Vaccine distribution and the harms of selective solidarity


Photo: Moletjie, LimpopoSouth Africa (Mukurukuru Media /

If you could describe the experience of the COVID-19 pandemic in one word, which would you choose? For a few months back in 2020, perhaps you might have chosen “solidarity.” We were reminded of our interconnectedness as we saw city after city go through lockdowns as the virus spread; we found joy in small things like playing music on balconies, and we applauded our essential workers every day when the sun set. Over and over, we heard the phrase: “No one is safe until everyone is safe.”

Two years on, our comparisons to the ambitious and transformative agendas required in the aftermath of the Second World War — times of coming together to rebuild our world — have been replaced with a much more striking reminder of what war actually looks like, and the horrors that come from divisions in society and geopolitical games being played out before our eyes.
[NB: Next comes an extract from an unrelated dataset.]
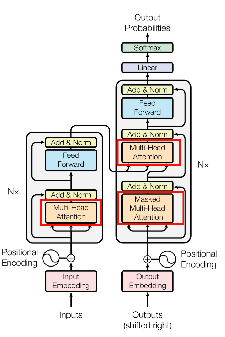 上图是论文中 Transformer 的内部结构图,左侧为 Encoder block,右侧为 Decoder block。红色圈中的部分为 Multi-Head Attention,是由多个 Self-Attention组成的,可以看到 Encoder block 包含一个 Multi-Head Attention,而 Decoder block 包含两个 Multi-Head Attention (其中有一个用到 Masked)。Multi-Head Attention 上方还包括一个 Add & Norm 层,Add 表示残差连接 (Residual Connection) 用于防止网络退化,Norm 表示 Layer Normalization,用于对每一层的激活值进行归一化。
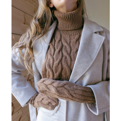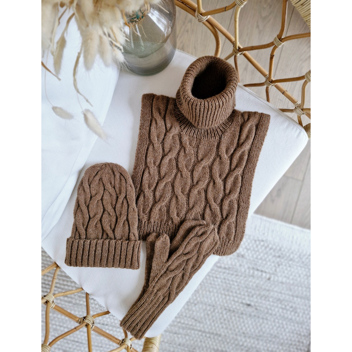 Aurora-neuleasustesetti neulotaan DK-vahvuisesta langasta 4 ja 4,5 mm puikoilla. Lankaa tarvitset yhteensä 450 g. Kuvan ruskea neulesetti on neulottu Dropsin Lima-langasta sävyssä manteli.

As calls for “solidarity” ring out once more, the term is likely being met with more bitterness than it should. As Europe confronts a war on its doorstep, the recent memory of how countries in the Global North handled the COVID-19 pandemic has rightfully left many around the world wondering what “global solidarity” really means — and if it ever existed.
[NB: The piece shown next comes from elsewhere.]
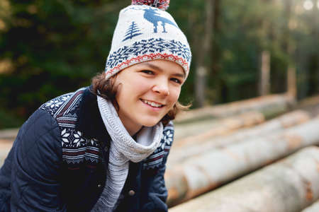 Portrait of smiling teenage boy in wintertime

Nowhere is this lack of solidarity more visible than on the issue of vaccines. Some countries are starting to provide fourth doses to their citizens, while only 15% of the people in low-income countries have received at least one dose. The “vaccine apartheid” we have created, however, is not just a matter of getting vaccines into people’s arms, but is also about the inequalities and exclusion that have fed into, and result from, the global approach to vaccine distribution. The vaccine-pooling scheme, COVAX, has struggled to deliver enough vaccines to meet its goals, while high prices and vaccine hoarding left many countries, particularly in Latin America and Africa, without alternative options to make up for the delays. COVAX has also been criticized for its exclusionary governance structure, which left recipient countries and civil society out of key processes and strategic discussions, in favor of high-income, donating countries.

We have been told time and again that failing to vaccinate the world would bring on new variants and jeopardize our global efforts for recovery. When South Africa reported the first cases of the Omicron variant, however, the response of closing borders and ignoring calls for ramping up vaccine production was, as described by President Cyril Ramaphosa, a “slap in the face of African excellence.” The closure of borders is just one of the most visible manifestations of a lack of solidarity and respect, and the perpetuation of global systems of exclusion that refuses to recognize the value of cooperation in responding to the pandemic.
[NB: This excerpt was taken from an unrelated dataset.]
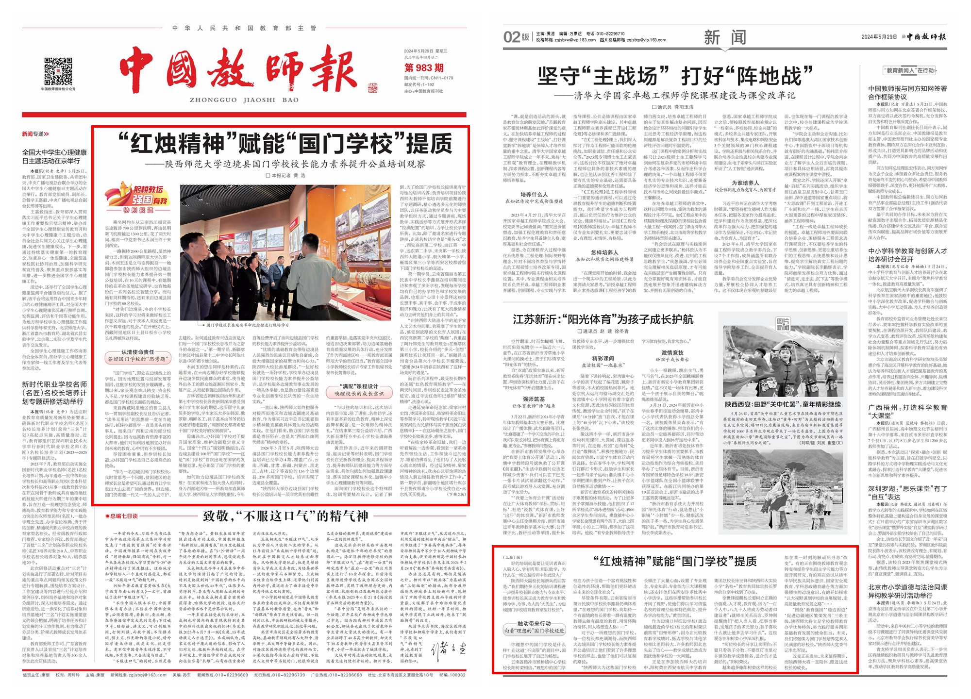 5月29日,《中国教师报》在头版头条刊登了题为“‘红烛精神’赋能‘国门学校’提质——陕西师范大学边境县国门学校校长能力素养提升公益培训观察”的深度报道。文章从“认清使命责任:答好国门学校的‘思考题’”“‘满配’课程设计:唤醒校长的成长意识”“触动带来行动:向着‘理想的’国门学校迈进”三个方面,展示了酷爱成人网

Not only has the hoarding of vaccines by high-income countries been, “morally indefensible,” but the blocking of the TRIPS waiver that would allow other countries to produce their own vaccines has been repeatedly blocked by both pharmaceutical lobbies and governments. Many have argued that lack of production capacity in other countries would render a TRIPS waiver useless, but that is not necessarily the case. A recent study by Médecins Sans Frontières showed over 100 factories in countries capable of producing mRNA vaccines in countries including Egypt, Morocco, Tunisia, Senegal, South Africa, India, China, South Korea, Vietnam, Malaysia, Bangladesh, Chile, Argentina, and Brazil. As the report’s co-author, Achal Prabhala, describes it: “it’s a bit like being an Olympic runner, but not even being allowed to start the race because somebody’s tied your feet to the starting blocks.” Thanks to the tireless mobilization of groups such as the People’s Vaccine Alliance, negotiations have brought us closer to an agreement on the waiver, but the watered-down compromise is limited exclusively to vaccines, leaving out all the additional technology required to get vaccines into people’s arms, and falling short of the action required to truly achieve vaccine equity.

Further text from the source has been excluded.